Red Dragon Awakens?
Please note this blog post was published over 12 months ago and so may not include the most up-to-date information, for example where regulation around investing has changed.
Trump’s recent implementation of import tariffs on $50 billion worth of Chinese goods has been a major talking point for several months. It has been a source of great concern for businesses exporting manufactured goods. The disturbance this has caused is partially responsible for the global slowdown underway in economic growth, but as mentioned it is particularly disturbing for manufacturing and exporting.
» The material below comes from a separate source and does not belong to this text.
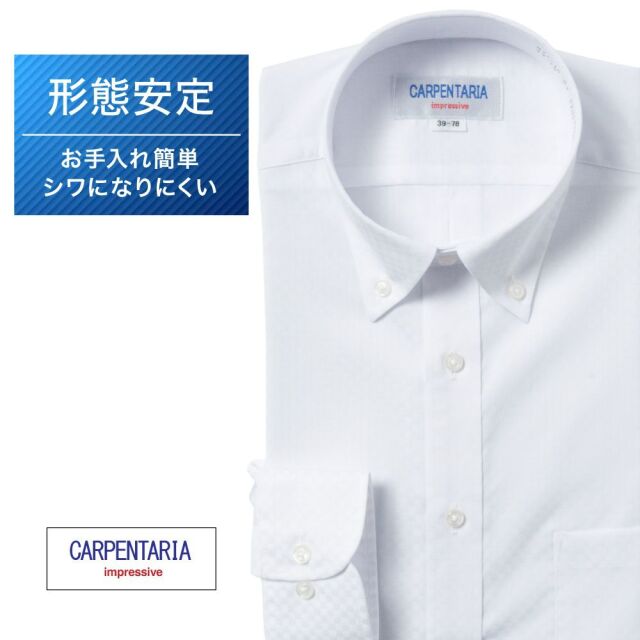 ワイシャツ[CARPENTARIA] ボタンダウン ホワイト ドビー 市松模様 形態安定 標準型 P12CAB403

Falling business confidence is a key component of the global economy and the crossover to the real economy is meaningful, but there are several tangible bright spots. They need to be considered too otherwise it is all too easy to form an unbalanced, and unduly negative view.
As we have alluded to in previous weeks, economic fundamentals in many developed countries are, broadly speaking, positive in the services sector. This trend is very supportive particularly for employment prospects and wages. China, still considered a developing country, is also evidencing these trends too.
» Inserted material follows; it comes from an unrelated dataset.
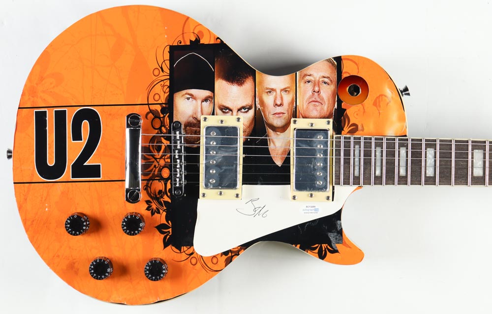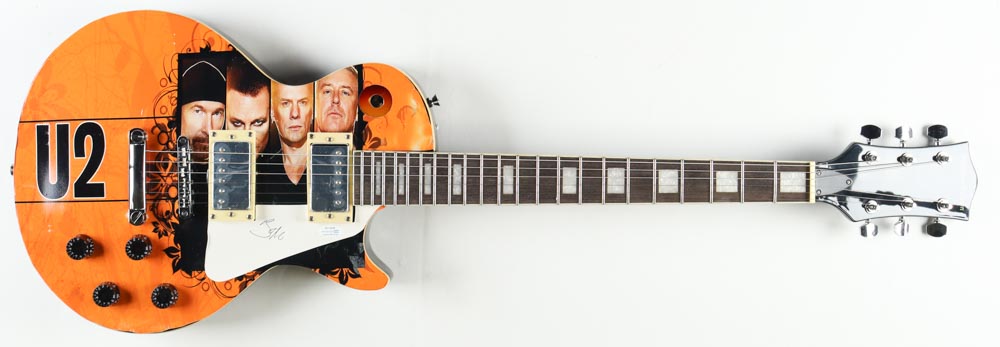 "Signature Edition" full-size electric guitar has been hand-signed on the pick-guard by Bono.

Data released recently show signs of improvement, and we feel this is worth sharing:
• Unemployment in China is now at historic low levels (3.8%).
• Average weekly wages are up 6.0% year on year.
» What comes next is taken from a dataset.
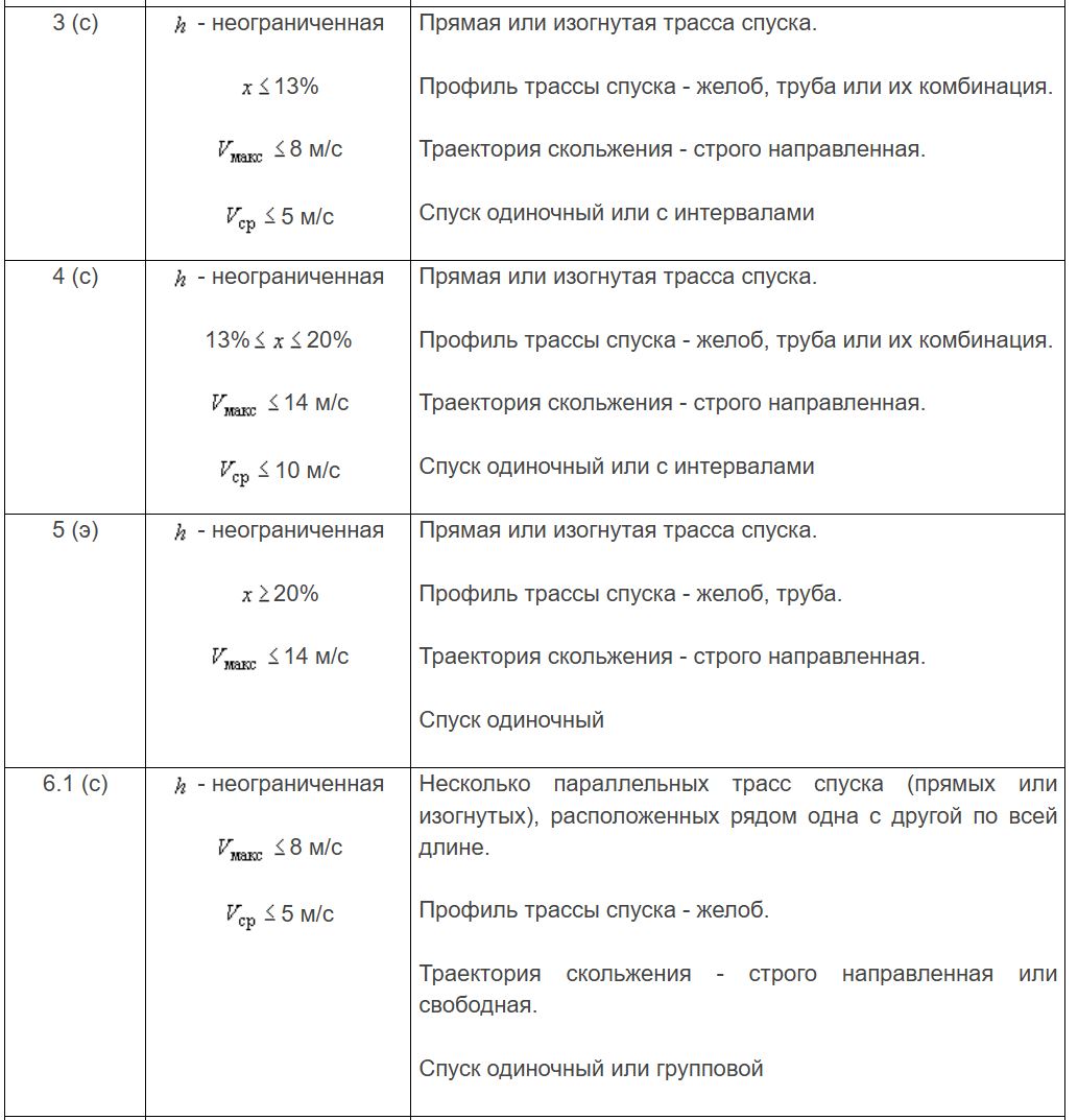 8.5.3 Конструкция трассы спуска в сочетании со скоростью скольжения и позой пользователя должна обеспечивать устойчивое положение тела пользователя в процессе его движения по трассе без переворотов, опрокидывания, столкновений со стенками трассы и других опасных ситуаций, чреватых повышенными рисками получения травмы.

• Business sentiment is back at its highest level in seven months (56.8)
• Foreign direct investment (FDI) into China increased 5.5% year-on-year
Therefore, the area of greatest angst globally, and particularly in China, is manufacturing. Activity, in this sector has been weakening. Manufacturing sentiment indicators in China have been falling since March last year. This matters a great deal because unlike the UK, which has a small manufacturing base (estimated at 20% of gross domestic product (GDP)), manufacturing accounts for 41% of China’s economy.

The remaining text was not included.